Marzo 2008 In ricordo di Mario Pasi Il 15 marzo, nel corso di una breve cerimonia presso l’ospedale Santa Chiara di Trento, è stato commemorato il partigiano e medico Mario Pasi. Sono intervenuti il Presidente dell’Ordine dei medici Giuseppe Zumiani e Giuseppe Ferrandi, direttore della Fondazione Museo storico del Trentino

Il 500.mo anniversario dell’incoronazione di Massimiliano I In occasione del 500.mo anniversario dell’incoronazione imperiale di Massimiliano I a Trento, il Land Tirol, la Provincia autonoma di Trento e la Provincia autonoma di Bolzano hanno organizzato, il 29 e 30 marzo 2008, vari appuntamenti di commemorazione storica con riflessioni di studiosi e con momenti di rievocazione affidati a gruppi in costume. La Fondazione Museo storico del Trentino, e in particolare Valentina Bergonzi, hanno curato un opuscolo divulgativo (Massimiliano I: 1508-2008. Cinquecento anni dalla proclamazione a «Imperatore Romano Eletto») per contestualizzare tale evento nell’ambito della storia del Sacro Romano Impero e del Tirolo. La figura di don Domenico Girardi All’interno della Settimana della Cultura la Fondazione Museo storico del Trentino ha proposto per il 31 marzo la proiezione del film-documentario Don Domenico Girardi. Matricola 10626, per la regia di Lorenzo Pevarello. All’appuntamento, presso la sala video del Centro servizi culturali Santa Chiara di Trento, sono intervenuti Giuseppe Ferrandi, direttore della Fondazione Museo storico del Trentino e Bartolomeo Costantini, procuratore presso la Procura militare della Repubblica di Verona. Costui è titolare dell’inchiesta che ha portato, nel 2000, alla condanna all’ergastolo dell’ex caporale SS Misha Seifert, per i crimini di guerra da lui commessi nel lager di Bolzano. Arrestato il 18 gennaio 1945 a Montalbiano di Valfloriana, don Girardi fu condotto nelle carceri di Trento. Intorno alla fine di marzo, fu inviato nel campo di concentramento di via Resia a Bolzano dove rimase fino alla liberazione avvenuta nell’aprile 1945.
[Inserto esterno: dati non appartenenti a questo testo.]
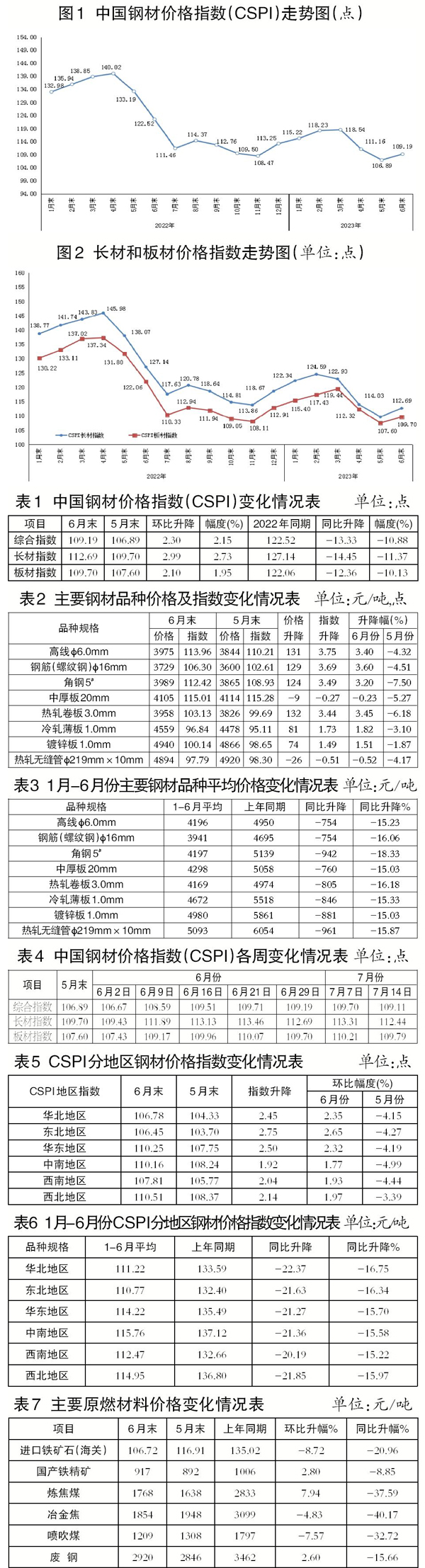 1月—6月份,CSPI長材指數平均值為117.53點,同比下降21.73點,降幅為15.60%;CSPI板材指數平均值為113.51點,同比下降18.41點,降幅為13.96%,降幅比長材低1.65個百分點。
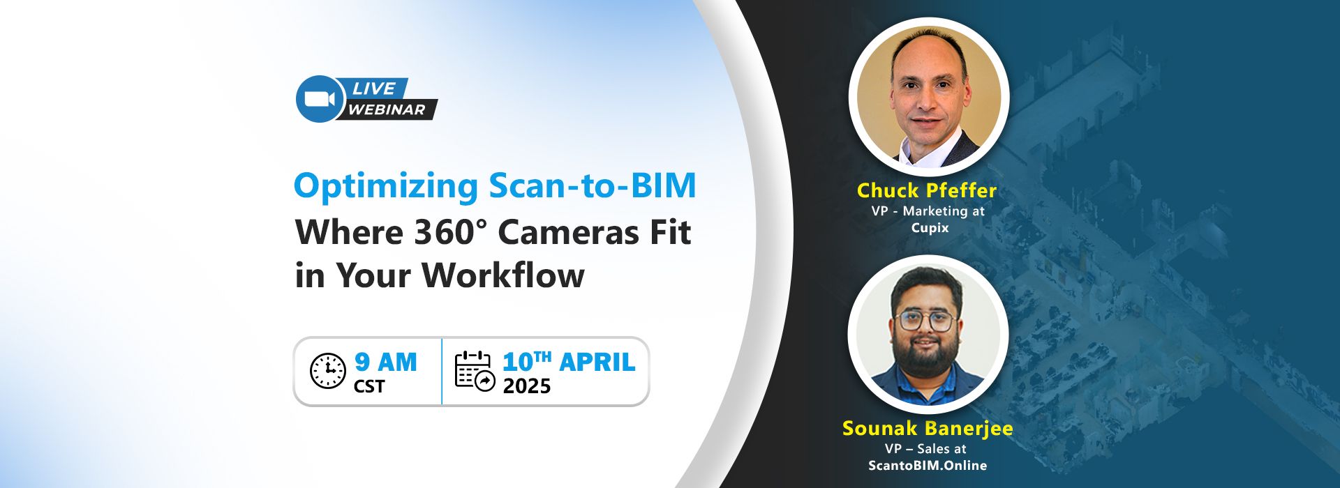 Scan-to-BIM has evolved, and integrating 360° camera technology can be a game-changer. Join ScanToBIM.Online, and Cupix, for an exclusive webinar where we explore how 360° virtual tours can seamlessly generate point cloud data to enhance project efficiency.

Aprile 2008 L’Aquila di San Venceslao al prof. Sergio Benvenuti Il giorno 4 aprile, nel Salone di Rappresentanza di Palazzo Geremia, è stata conferita l’Aquila ardente di S. Venceslao, antico sigillo della città di Trento, al prof. Sergio Benvenuti, direttore del Museo del Risorgimento e della lotta per la libertà dal 1971 al 1985 e attuale direttore scientifico della rivista Archivio Trentino. Un profilo del prof. Benvenuti è stato tracciato dalla prof. ssa Maria Garbari, dalla prof.ssa Lia de Finis e da Giuseppe Ferrandi.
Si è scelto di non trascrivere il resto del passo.